Exercise instructions:
Your job is to print, exactly, the lines in the data below from the line with "オーナー様からの連絡漏れにも" through the line with "Монументальная надгробная плита", both included, and to omit any picture.

Data shown:

◆ ◆ ◆ ◆

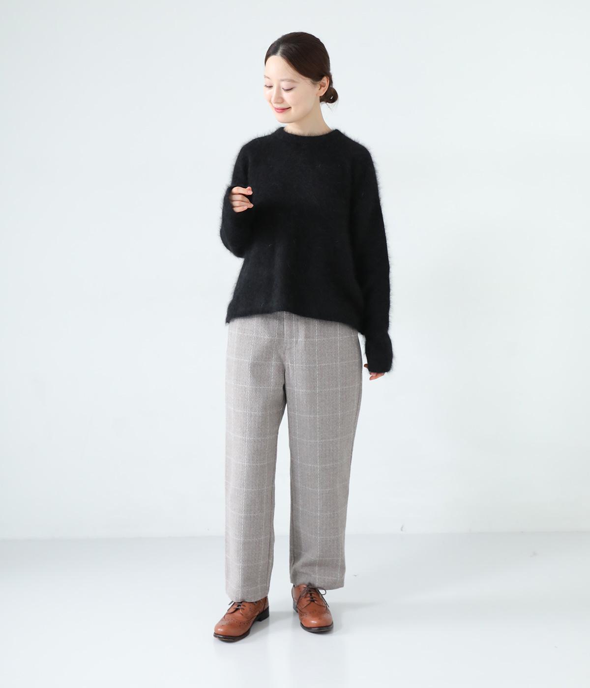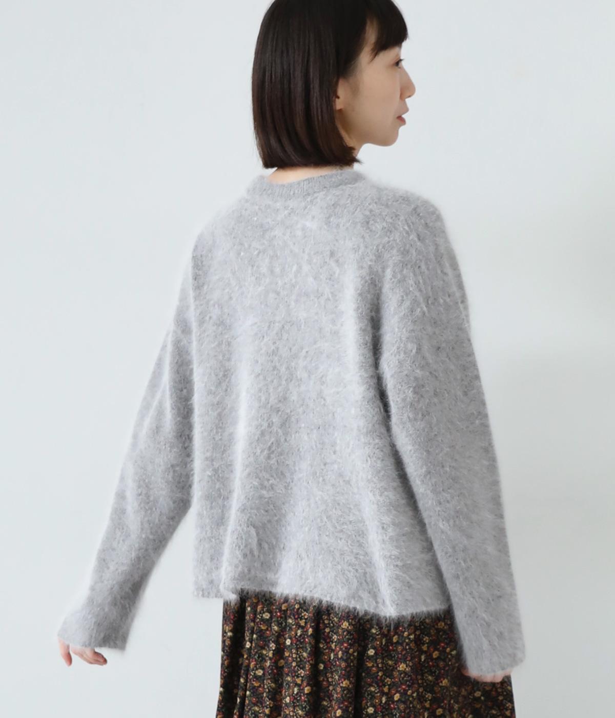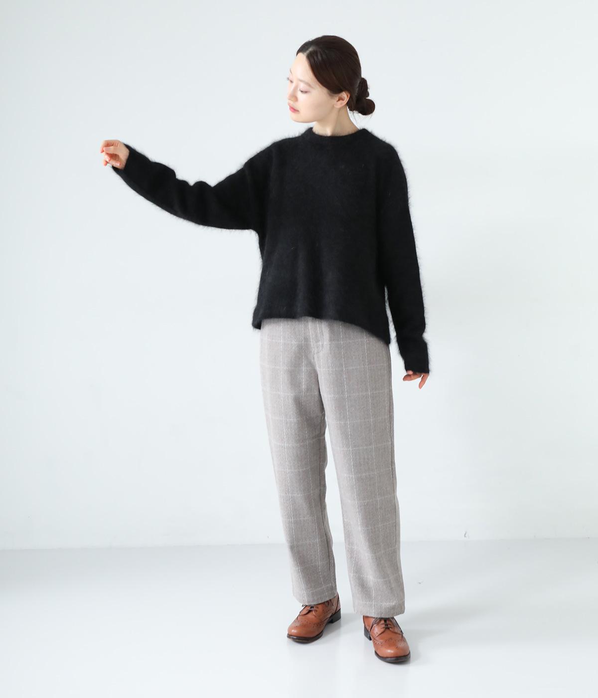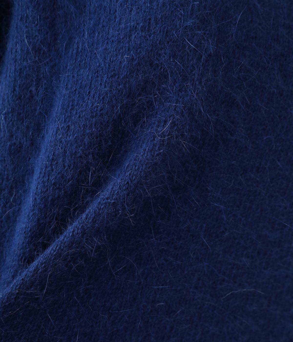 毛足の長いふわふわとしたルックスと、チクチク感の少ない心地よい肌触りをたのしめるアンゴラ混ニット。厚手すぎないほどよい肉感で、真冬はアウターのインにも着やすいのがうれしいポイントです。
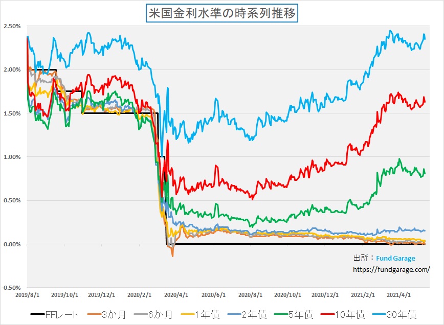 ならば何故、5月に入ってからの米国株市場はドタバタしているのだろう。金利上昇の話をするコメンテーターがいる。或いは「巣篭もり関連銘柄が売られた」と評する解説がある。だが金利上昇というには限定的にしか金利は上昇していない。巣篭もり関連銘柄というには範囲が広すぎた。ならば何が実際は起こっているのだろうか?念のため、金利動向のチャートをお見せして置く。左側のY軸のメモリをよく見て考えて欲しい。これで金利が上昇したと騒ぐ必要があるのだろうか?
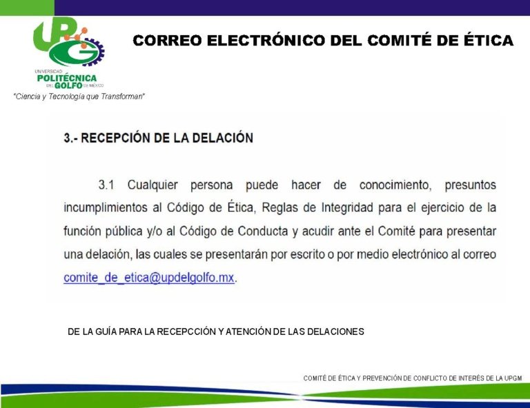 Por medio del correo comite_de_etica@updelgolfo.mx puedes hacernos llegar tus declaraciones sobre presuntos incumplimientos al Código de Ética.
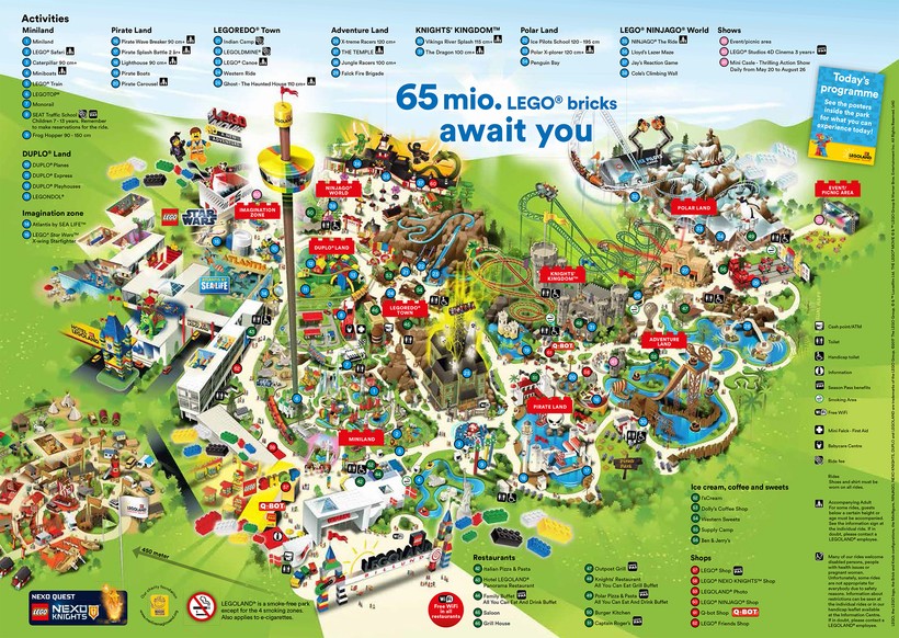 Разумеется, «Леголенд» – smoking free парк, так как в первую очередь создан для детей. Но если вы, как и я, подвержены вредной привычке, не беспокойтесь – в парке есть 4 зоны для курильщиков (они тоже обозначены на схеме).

◆ ◆ ◆ ◆

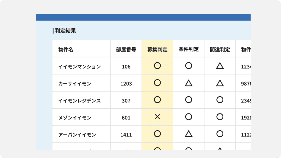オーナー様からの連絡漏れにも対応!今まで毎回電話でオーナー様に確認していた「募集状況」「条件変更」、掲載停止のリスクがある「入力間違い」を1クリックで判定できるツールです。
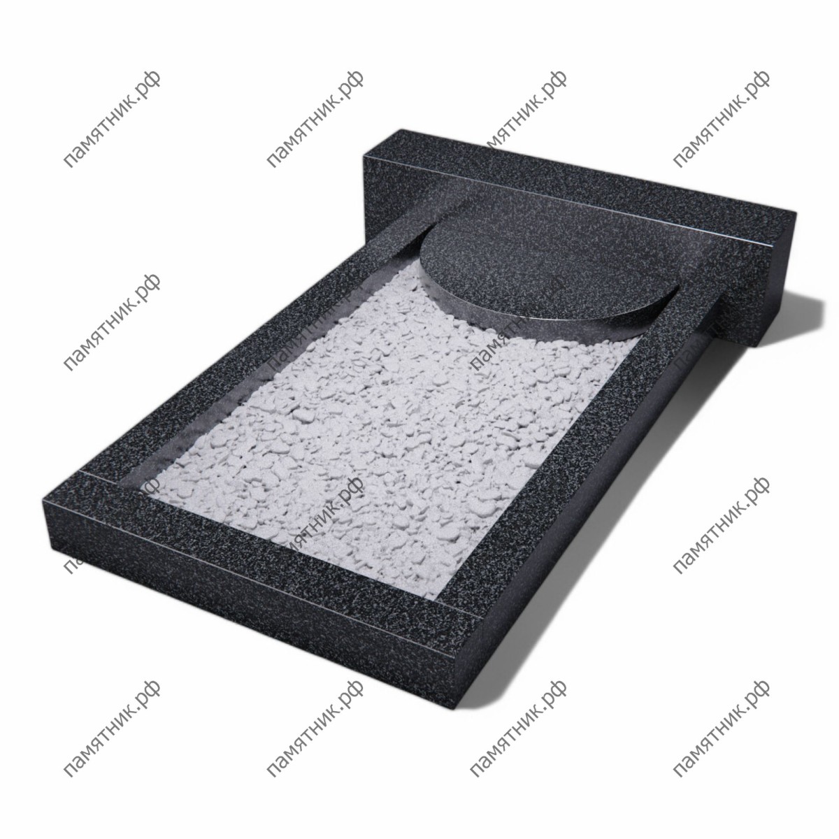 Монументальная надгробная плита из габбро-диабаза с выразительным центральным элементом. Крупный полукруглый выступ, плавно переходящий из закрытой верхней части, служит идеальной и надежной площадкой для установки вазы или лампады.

◆ ◆ ◆ ◆

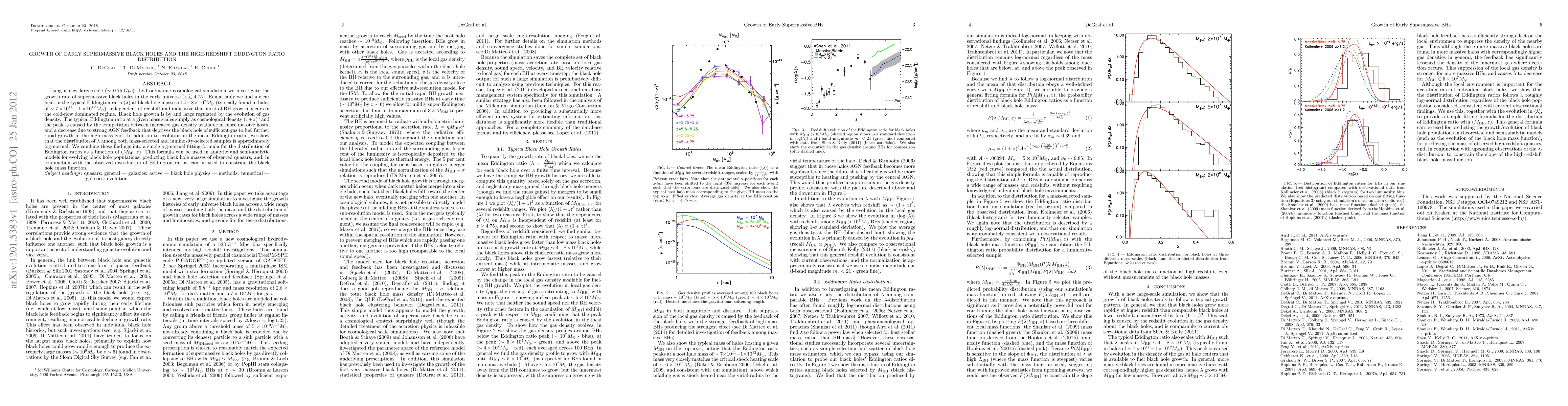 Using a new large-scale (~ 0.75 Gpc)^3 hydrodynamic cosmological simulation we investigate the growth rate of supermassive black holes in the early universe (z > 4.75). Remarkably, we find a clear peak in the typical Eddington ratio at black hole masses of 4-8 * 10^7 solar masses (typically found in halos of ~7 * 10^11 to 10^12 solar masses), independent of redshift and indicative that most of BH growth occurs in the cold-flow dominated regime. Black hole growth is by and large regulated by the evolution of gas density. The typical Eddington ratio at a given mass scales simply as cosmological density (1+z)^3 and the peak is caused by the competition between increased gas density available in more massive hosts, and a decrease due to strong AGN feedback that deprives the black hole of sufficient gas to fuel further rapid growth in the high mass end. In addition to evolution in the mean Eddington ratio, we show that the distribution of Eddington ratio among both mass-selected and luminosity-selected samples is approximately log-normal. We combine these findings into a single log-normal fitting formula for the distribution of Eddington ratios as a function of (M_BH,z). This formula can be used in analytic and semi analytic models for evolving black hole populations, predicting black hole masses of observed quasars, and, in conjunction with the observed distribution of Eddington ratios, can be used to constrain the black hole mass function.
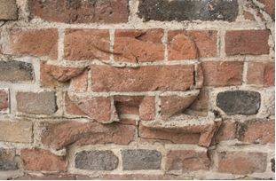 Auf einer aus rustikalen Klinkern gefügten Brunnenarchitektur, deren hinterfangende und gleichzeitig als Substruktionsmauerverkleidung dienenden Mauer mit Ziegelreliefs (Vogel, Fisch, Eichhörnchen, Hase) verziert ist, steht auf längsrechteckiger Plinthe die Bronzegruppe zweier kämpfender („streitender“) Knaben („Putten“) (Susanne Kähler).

◆ ◆ ◆ ◆

Task result:
オーナー様からの連絡漏れにも対応!今まで毎回電話でオーナー様に確認していた「募集状況」「条件変更」、掲載停止のリスクがある「入力間違い」を1クリックで判定できるツールです。
 Монументальная надгробная плита из габбро-диабаза с выразительным центральным элементом. Крупный полукруглый выступ, плавно переходящий из закрытой верхней части, служит идеальной и надежной площадкой для установки вазы или лампады.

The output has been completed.